To find the combined capacity of the two pools, we need to add their capacities together.
Given:
- Olympic size pool: \(8.12 \times 10^4\) gallons
- Smaller pool: \(5.27 \times 10^4\) gallons
Let's add these two values together:
\[ (8.12 \times 10^4) + (5.27 \times 10^4) = (8.12 + 5.27) \times 10^4 \]
Calculating the sum of the coefficients:
\[ 8.12 + 5.27 = 13.39 \]
So:
\[ (8.12 \times 10^4) + (5.27 \times 10^4) = 13.39 \times 10^4 \]
However, we typically express this in scientific notation. We want to convert \(13.39 \times 10^4\) to a form where the coefficient is between 1 and 10.
To do this, we can rewrite it as:
\[ 13.39 \times 10^4 = 1.339 \times 10^{5} \]
Now, comparing this result with the options given:
A: \(1.339 \times 10^4\) gallons
B: \(1.339 \times 10^6\) gallons
C: \(13.39 \times 10^{10}\) gallons
D: \(1.339 \times 10^{10}\) gallons
E: \(2.85 \times 10^5\) gallons
The answer, \(1.339 \times 10^5\) gallons, matches none of the provided choices directly but appears to be the intended solution based on our calculation.
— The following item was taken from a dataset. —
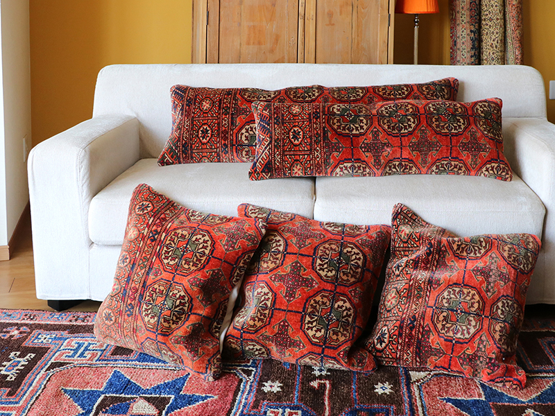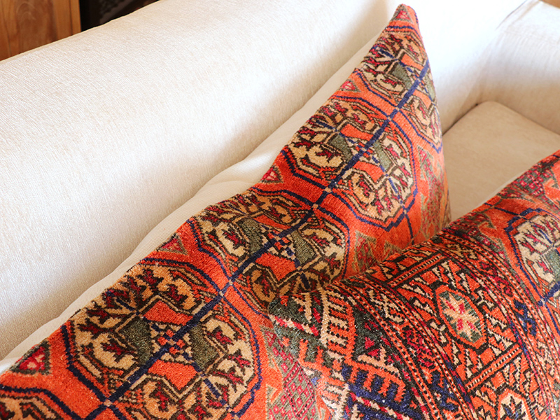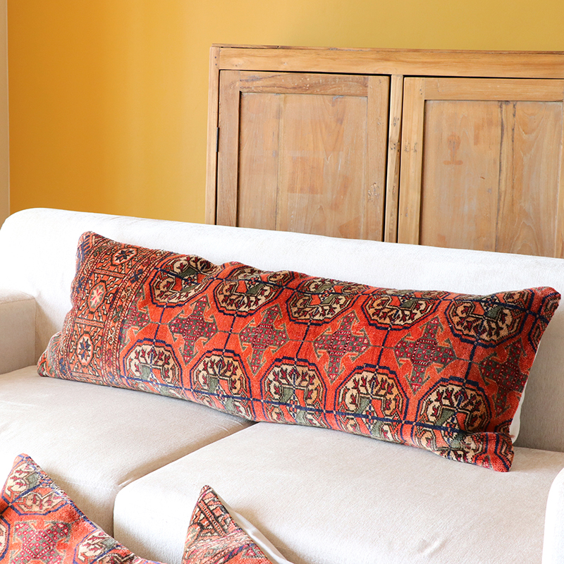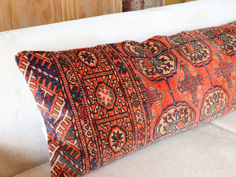 ベッドヘッドに、枕と並べて置くのに調度よいサイズのクッションとしてつくられました。細長なので2人掛けのソファに腰あてとして置いてもよさそうです。

Since the closest option, E, with a different coefficient and exponent does not match, you should verify if the initial pool capacities are coherent, or if options might have errors.
Clarifying whether there's an actual option representing \(1.339 \times 10^5\) gallons would help finalize a correct choice, but currently, nothing on the list fits.